I can't say it's always been a pleasure but more like a rollercoaster ride for me and not easy at times for the family .

Crissy 107
08-09-2019, 05:06 AM
Kendra Sue, I think it may have started before birth when you were in the womb. As for the need/urge to cross dress it is very common for it to come and go but it will always come back, usually stronger then before.

Vicky_Scot
08-09-2019, 05:07 AM
Totally agree. I have no doubt my crossdressing was established in the womb as was my other traits, eye colour, hair colour etc etc.

I truly believe that a hormone or chemical imbalance (god knows what it was) during gestation was the cause. Would I have chosen to be a crossdresser, probably not as it brings its own problems and restrictions on your life. Certainly not a lifestyle choice.

Do I want to be a woman full time...No

Do I want to express my feminine side more.....Yes

So that's the dilemma for me. I am very lucky to have an very accepting and understanding wife so can not really grumble.

X x x

Andrea Renea
08-09-2019, 05:14 AM
Not sure about at birth but I've had this desire for as long as I can remember.

Kendra Sue
08-09-2019, 05:15 AM
So you totally live as a woman.

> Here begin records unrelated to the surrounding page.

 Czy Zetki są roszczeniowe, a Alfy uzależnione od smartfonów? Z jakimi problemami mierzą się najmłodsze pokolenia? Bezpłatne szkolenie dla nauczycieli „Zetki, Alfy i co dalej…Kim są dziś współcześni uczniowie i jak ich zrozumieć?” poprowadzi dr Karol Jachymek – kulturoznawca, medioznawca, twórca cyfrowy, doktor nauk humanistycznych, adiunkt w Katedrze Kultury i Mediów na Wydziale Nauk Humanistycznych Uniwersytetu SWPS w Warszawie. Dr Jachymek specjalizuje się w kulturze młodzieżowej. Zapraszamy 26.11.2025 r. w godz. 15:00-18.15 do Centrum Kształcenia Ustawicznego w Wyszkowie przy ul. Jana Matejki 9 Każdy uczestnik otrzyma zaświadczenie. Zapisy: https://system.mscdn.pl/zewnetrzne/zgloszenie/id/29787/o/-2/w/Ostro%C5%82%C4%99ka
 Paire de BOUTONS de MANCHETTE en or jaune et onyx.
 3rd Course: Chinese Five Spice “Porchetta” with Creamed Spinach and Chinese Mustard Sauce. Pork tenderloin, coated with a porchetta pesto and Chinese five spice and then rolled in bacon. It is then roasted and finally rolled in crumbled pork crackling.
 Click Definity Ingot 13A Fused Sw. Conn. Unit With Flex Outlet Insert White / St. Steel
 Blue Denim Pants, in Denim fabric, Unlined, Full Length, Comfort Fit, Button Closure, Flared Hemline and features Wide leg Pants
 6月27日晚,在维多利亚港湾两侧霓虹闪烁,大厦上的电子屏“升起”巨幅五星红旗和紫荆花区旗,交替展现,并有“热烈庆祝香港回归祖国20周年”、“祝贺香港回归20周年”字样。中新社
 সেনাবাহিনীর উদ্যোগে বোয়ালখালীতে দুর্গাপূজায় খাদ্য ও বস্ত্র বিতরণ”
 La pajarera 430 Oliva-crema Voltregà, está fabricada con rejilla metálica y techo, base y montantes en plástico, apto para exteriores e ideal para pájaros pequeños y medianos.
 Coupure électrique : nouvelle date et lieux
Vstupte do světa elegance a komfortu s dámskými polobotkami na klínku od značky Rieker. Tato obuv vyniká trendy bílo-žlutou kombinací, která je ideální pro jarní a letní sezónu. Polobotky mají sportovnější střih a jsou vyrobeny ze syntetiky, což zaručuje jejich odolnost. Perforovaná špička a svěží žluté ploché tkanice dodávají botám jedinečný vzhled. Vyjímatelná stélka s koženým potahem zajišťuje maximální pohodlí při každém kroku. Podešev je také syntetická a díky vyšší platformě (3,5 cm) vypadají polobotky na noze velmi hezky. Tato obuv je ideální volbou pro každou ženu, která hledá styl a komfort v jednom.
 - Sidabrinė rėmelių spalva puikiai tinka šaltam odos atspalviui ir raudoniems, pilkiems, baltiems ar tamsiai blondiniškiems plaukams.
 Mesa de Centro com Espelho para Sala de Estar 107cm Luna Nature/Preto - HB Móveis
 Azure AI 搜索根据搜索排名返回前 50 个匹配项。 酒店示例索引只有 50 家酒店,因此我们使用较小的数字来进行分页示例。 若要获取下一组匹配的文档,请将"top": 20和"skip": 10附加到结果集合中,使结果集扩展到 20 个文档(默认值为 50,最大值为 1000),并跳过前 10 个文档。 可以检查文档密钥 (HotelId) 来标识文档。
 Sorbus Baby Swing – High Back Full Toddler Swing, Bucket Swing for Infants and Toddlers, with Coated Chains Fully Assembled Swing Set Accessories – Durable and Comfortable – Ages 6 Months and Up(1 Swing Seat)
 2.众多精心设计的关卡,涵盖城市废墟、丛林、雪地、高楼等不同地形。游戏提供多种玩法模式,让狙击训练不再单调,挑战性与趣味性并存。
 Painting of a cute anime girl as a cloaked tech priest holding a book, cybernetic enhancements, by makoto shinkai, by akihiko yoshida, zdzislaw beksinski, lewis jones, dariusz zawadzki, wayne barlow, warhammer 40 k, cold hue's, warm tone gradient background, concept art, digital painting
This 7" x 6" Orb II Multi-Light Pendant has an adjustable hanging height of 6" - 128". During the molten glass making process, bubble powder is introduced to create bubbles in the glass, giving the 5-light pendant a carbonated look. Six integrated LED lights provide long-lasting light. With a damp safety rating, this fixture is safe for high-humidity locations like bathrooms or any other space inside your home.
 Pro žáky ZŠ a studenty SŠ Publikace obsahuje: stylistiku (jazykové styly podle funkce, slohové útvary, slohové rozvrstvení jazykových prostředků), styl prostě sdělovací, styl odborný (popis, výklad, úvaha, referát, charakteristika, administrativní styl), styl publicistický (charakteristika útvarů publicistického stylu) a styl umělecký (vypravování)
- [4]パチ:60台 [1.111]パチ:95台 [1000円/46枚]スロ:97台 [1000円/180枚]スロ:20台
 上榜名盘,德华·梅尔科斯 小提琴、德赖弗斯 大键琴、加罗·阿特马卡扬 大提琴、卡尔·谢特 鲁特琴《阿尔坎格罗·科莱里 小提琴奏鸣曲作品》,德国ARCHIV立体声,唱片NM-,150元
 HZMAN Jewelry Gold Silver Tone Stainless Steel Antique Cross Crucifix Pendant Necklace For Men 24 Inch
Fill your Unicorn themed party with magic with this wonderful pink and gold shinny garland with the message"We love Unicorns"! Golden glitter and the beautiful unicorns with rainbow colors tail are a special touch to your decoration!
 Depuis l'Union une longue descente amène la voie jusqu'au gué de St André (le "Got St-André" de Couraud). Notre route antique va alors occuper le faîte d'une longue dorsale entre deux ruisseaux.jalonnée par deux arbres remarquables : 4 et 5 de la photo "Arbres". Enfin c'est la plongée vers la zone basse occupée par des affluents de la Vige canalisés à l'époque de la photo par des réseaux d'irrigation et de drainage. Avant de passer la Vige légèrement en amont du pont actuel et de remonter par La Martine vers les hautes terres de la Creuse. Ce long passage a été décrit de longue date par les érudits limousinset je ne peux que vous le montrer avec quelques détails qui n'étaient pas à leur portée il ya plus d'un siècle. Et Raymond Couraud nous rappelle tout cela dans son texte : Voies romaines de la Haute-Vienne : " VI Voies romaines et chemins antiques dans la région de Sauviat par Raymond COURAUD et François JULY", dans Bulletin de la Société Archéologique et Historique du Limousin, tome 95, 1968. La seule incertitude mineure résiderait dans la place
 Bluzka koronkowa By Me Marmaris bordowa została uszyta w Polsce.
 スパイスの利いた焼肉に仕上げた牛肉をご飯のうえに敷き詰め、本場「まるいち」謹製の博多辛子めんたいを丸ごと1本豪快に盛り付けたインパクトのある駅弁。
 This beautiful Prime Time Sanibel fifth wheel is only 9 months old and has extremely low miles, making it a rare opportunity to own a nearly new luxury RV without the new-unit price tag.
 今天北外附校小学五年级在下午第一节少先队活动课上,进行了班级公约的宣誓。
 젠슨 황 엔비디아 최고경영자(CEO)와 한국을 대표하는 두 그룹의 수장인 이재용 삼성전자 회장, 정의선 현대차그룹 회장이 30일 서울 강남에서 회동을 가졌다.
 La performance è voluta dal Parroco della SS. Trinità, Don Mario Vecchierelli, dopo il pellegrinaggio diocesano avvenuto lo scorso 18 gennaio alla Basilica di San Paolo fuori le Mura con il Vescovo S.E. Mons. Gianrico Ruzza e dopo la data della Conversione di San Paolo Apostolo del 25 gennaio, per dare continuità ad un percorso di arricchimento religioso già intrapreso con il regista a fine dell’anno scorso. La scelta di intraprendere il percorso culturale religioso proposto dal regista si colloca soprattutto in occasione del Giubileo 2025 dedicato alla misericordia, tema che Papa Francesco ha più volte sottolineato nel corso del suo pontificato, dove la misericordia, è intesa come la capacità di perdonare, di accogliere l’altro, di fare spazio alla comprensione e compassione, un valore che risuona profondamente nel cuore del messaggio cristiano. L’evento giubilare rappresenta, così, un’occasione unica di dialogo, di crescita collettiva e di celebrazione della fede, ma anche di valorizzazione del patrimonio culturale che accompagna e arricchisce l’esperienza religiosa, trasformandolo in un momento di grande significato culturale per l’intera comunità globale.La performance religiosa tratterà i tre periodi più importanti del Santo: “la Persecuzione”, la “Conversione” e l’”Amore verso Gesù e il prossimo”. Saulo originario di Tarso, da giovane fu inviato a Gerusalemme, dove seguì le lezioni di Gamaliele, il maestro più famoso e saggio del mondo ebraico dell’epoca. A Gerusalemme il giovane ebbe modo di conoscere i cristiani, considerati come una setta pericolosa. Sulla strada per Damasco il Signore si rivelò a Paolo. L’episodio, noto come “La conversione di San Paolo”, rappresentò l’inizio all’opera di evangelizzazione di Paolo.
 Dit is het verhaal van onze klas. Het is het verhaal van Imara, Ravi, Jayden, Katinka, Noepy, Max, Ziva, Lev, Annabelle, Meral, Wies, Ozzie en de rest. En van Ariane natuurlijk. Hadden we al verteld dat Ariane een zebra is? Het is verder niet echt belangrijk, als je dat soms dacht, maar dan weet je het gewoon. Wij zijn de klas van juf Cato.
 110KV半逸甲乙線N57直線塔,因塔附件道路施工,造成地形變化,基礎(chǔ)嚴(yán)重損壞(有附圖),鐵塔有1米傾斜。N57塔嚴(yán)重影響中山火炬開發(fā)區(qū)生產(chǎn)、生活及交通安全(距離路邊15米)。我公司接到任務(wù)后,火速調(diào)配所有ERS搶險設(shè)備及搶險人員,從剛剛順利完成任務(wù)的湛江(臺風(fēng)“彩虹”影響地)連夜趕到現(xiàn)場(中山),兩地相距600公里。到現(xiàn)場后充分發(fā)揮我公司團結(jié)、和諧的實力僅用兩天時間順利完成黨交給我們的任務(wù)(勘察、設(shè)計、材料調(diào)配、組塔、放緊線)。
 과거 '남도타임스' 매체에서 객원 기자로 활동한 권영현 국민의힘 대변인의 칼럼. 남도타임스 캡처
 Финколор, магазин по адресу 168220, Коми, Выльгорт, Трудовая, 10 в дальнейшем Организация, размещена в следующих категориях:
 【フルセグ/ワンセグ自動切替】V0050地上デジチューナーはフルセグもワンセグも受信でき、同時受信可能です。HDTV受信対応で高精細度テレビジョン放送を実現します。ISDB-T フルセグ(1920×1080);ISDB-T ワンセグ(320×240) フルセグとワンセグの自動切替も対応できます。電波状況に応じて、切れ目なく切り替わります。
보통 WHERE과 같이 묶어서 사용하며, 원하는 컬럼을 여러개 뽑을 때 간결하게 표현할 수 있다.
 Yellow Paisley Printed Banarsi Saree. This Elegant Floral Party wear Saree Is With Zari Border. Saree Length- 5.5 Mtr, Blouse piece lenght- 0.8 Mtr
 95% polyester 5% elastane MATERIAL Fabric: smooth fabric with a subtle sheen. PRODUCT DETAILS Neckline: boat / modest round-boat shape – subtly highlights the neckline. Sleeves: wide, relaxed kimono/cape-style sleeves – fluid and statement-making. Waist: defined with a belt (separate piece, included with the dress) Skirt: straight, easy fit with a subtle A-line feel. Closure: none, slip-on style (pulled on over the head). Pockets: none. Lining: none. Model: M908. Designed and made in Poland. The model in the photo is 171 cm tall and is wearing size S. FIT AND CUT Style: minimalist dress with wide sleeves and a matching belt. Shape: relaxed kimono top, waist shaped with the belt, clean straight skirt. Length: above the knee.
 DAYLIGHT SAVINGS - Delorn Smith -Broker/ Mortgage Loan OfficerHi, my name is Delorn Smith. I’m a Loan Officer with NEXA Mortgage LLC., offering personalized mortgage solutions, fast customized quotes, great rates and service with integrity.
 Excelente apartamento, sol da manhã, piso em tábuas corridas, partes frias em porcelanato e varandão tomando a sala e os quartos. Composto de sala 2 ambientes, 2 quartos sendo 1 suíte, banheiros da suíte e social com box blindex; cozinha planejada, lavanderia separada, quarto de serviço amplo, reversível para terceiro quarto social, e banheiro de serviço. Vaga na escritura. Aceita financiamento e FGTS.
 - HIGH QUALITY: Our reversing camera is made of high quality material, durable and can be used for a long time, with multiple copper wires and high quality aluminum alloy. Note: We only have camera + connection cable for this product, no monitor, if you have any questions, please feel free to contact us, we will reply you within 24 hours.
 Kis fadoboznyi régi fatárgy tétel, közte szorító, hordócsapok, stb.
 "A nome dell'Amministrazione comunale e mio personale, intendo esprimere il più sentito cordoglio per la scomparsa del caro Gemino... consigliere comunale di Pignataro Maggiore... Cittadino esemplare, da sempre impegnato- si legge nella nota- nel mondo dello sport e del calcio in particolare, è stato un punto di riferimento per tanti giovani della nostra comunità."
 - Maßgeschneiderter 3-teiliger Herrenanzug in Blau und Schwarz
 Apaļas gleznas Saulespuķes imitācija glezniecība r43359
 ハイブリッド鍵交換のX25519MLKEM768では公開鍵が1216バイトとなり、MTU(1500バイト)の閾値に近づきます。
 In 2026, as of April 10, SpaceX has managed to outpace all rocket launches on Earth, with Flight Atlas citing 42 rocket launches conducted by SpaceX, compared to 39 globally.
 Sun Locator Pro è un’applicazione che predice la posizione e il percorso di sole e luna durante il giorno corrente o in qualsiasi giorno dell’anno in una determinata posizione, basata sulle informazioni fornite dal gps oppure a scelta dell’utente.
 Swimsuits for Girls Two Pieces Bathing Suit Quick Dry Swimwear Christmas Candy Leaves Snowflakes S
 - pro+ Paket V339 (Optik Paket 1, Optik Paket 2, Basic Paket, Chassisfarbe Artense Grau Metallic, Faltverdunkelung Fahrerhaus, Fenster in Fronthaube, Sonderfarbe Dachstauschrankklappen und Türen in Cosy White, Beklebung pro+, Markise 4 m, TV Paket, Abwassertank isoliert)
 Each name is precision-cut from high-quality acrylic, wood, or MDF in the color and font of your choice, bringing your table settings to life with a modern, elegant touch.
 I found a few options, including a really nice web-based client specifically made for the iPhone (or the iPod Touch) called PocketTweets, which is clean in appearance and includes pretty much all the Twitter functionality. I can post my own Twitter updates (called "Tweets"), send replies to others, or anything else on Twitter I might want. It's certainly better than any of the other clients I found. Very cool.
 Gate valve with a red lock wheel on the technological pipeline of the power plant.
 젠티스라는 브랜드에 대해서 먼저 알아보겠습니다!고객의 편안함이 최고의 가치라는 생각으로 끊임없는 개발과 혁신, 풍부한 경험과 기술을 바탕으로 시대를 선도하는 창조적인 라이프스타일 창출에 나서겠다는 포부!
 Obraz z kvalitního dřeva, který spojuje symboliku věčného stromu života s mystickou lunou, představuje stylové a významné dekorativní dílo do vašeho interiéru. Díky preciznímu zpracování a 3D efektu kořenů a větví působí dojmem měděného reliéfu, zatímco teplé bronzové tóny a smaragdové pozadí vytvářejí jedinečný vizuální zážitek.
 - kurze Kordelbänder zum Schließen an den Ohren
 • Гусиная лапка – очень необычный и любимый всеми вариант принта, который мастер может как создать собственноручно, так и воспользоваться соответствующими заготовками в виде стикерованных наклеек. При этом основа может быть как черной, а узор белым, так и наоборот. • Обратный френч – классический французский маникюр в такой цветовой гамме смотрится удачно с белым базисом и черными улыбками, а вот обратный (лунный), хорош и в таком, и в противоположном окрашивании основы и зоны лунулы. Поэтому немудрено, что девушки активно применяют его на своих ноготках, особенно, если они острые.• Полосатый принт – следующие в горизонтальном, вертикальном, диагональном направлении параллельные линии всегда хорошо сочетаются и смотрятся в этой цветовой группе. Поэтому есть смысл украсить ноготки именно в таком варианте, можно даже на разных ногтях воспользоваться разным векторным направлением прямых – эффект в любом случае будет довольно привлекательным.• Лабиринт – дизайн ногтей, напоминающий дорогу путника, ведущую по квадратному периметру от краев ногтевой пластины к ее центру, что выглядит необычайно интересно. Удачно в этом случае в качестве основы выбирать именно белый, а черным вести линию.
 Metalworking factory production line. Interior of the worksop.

May I ask what your job is?

BTWimRobin
08-09-2019, 05:21 AM
I would agree. It's something you are born with.

Vicky_Scot
08-09-2019, 05:31 AM
So you totally live as a woman. May I ask what your job is?

Kendra who are you asking?

Teresa
08-09-2019, 05:31 AM
Kendra,
I'm not sure who you are asking the question to but I'm now retired and separated after 44 years of marriage and at that point when I moved into my new home I went full time . I finally have a balance in my life which has taken 68 years . My avatar picture was taken at a Xmas party last December .

Vicky_Scot
08-09-2019, 05:40 AM
Wow Teresa, separated after 44 years of marriage, that must have been a real life changer. Well at least now you are being who you truly want to be and your still young. x

Teresa
08-09-2019, 05:49 AM
Vicky,
Young-ISH !!!

I must admit it's like a second wind , I never would have thought all this was waiting for me , I do question if 68 is too old to start again but then I wouldn't wan't to be a lonely , grumpy, old man , I can't think of anything worse !!

Kendra Sue
08-09-2019, 06:32 AM
Teresa I was asking you if you worked as a woman Congrats on retirement I love being retired

VS Fan
08-09-2019, 06:37 AM
I agree - some aspects of our personality certainly develop as a result of life experiences, but some of what we are is just “there”.... whether it’s genetic or spiritual who knows?

GretchenM
08-09-2019, 06:54 AM
Kendra,

You are very likely correct, but actually Crissy is even closer to the truth. Most of the scientific evidence is pointing toward this behavior pattern being a genetic predisposition or just maybe some kind of genetic determination. This being another of our many predispositions is probably the case. So, you are born with this trait already established, but not yet active, just like being right or left handed. Those are predispositions that are triggered soon after you begin to reach out and grab things. You find one hand works better than the other and that is because of the predisposition and once triggered it can't easily be turned off. If you are predisposed to being right handed but that hand is defective, the predisposition is not triggered because the left hand is your only functional hand. You become left handed and that hand works just as well without the active predisposition as the right hand would have worked had it not been defective.

So, with gender variance, if that is a predisposition as many, many studies seem to show, all it takes is a trigger to activate that behavior pattern. The trigger often happens early in childhood, but sometimes doesn't get triggered until later in life. All depends on your life experiences. But as for how strongly that behavior is expressed, well, that is the devil in the details. We are all different in that regard. It is not black and white but multicolored. Thus all the variation. Still lots of questions to be answered, but those who study this are getting closer and closer to a definite answer as to "Why."

Look up some of my posts from a few months ago where I present a good deal of the evidence. It is way too complicated to repeat here.

Gretchen

Helen_Highwater
08-09-2019, 06:55 AM
The post raises the question asked so many time of nature vs nurture. I'm sure there's something in us all the gives us a leaning towards the direction we've taken. I do wonder however that if my early upbringing had been somewhat different whether I'd have followed the same path.

Once we've begun our journey I think it's one we're on for life. Once triggered there's no going back. That said I'm open minded as to whether it's totally written from the womb or a combination of events and nature that ultimately sets our course.

I also think it's necessary to differentiate between those who CD and never go public and those who either go out and about, possibly going full time and then those who know that they're born in the wrong body. I suppose you could argue that even fetish dressers have that desire set from birth but I'm less convinced on that one.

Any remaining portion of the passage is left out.